Please copy, word for word, the line holding "- Внутренней стороной" and each line that follows it through the end of the entries, omitting any pictures.

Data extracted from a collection

/---

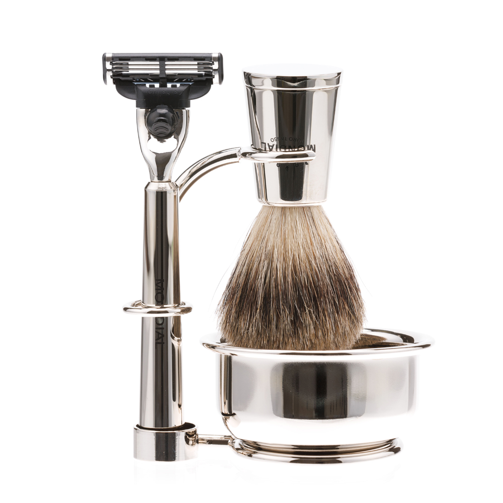 Бритвенный набор Mondial: станок, помазок, чаша, подставка; отполированный никель можно заказать в нашей компании по самой доступной цене от 29 270 рублей.
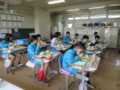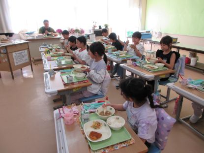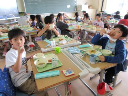 2年生 給食の時間 「おいし~!」
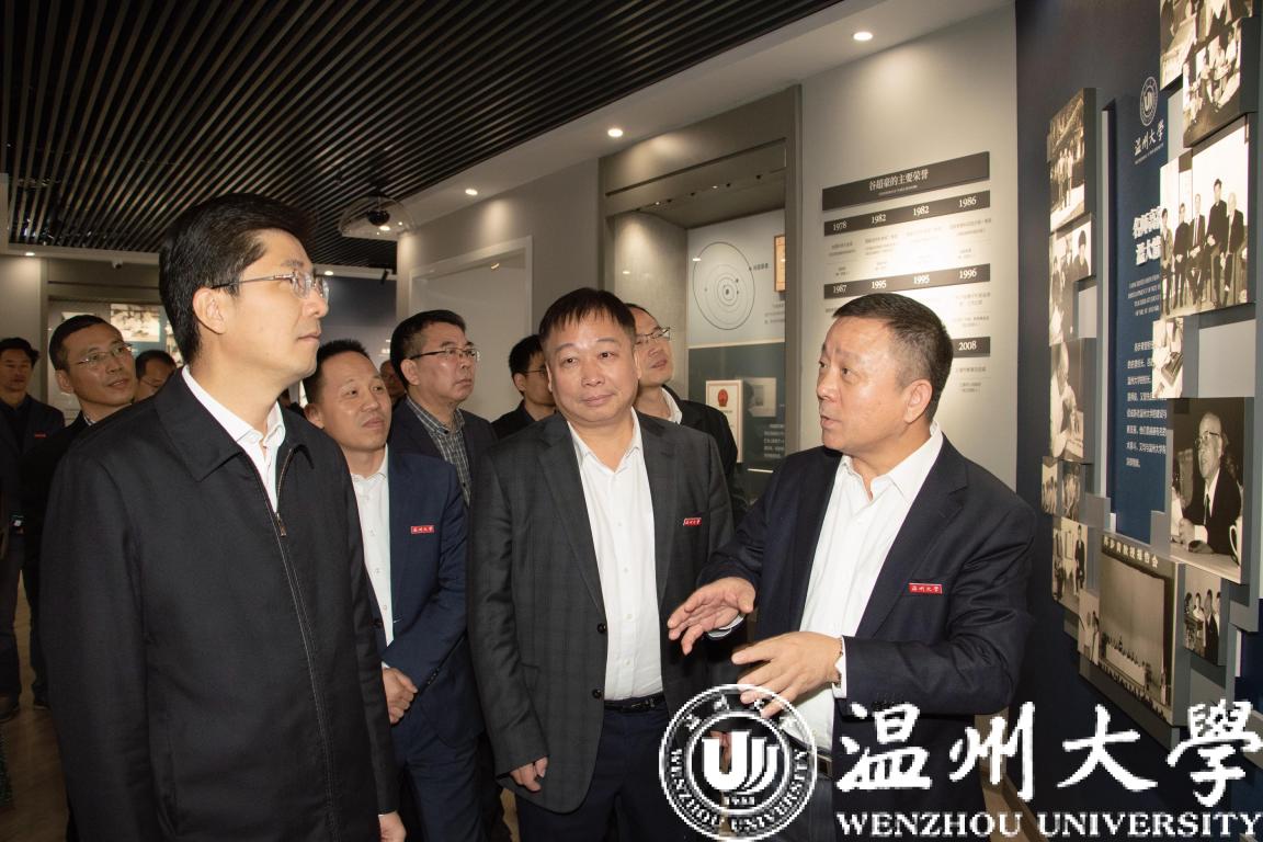 姚高员一行还参观了开云电子(中国)官方网站_开云电子(中国)官方网站苏步青谷超豪纪念馆,了解学校数学文化建设情况。他详细了解苏步青、谷超豪的生平事迹和卓著成就,以及数学家们热爱祖国、情系桑梓的动人事迹。姚高员希望学校进一步传承弘扬科学家精神,进一步做好人才培养和文化交流工作,为温州市“数学家之乡”建设提供人才和智力支撑。
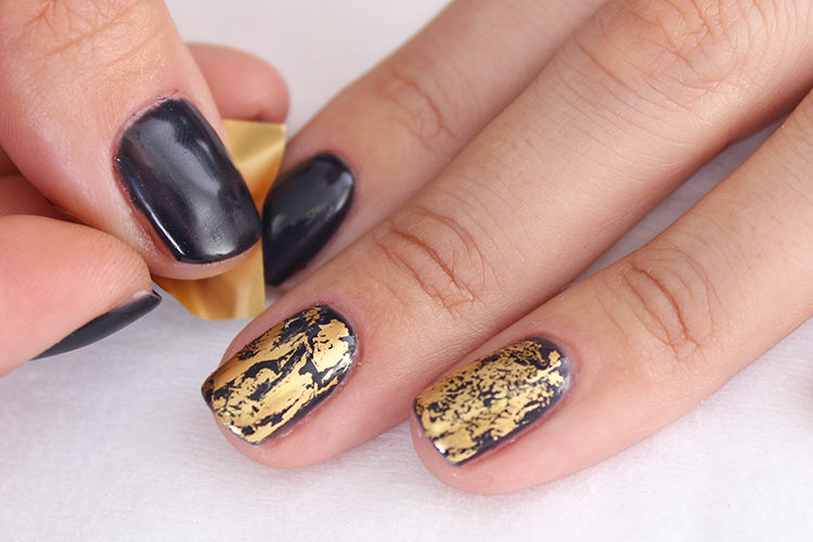 - Внутренней стороной прижми фольгу к ногтю и оторви резким движением;
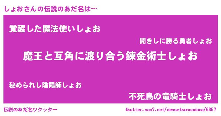 | 男性向けラノベタイトル風あだ名 | 『転生したらしょおだった件』 |
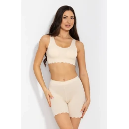 Mírně tvarující, s vyšším sedem a nohavičkami, které zabraňují tření stehen.
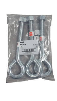 Designed for industrial and home applications. All eye bolts have standard machine screw threads – course thread on extra large sizes ( 1/2 In. x 12 In.) Interior and exterior applications. Manufactured from steel wire. Zinc.

\---

> Exercise response
 - Внутренней стороной прижми фольгу к ногтю и оторви резким движением;
 | 男性向けラノベタイトル風あだ名 | 『転生したらしょおだった件』 |
 Mírně tvarující, s vyšším sedem a nohavičkami, které zabraňují tření stehen.
 Designed for industrial and home applications. All eye bolts have standard machine screw threads – course thread on extra large sizes ( 1/2 In. x 12 In.) Interior and exterior applications. Manufactured from steel wire. Zinc.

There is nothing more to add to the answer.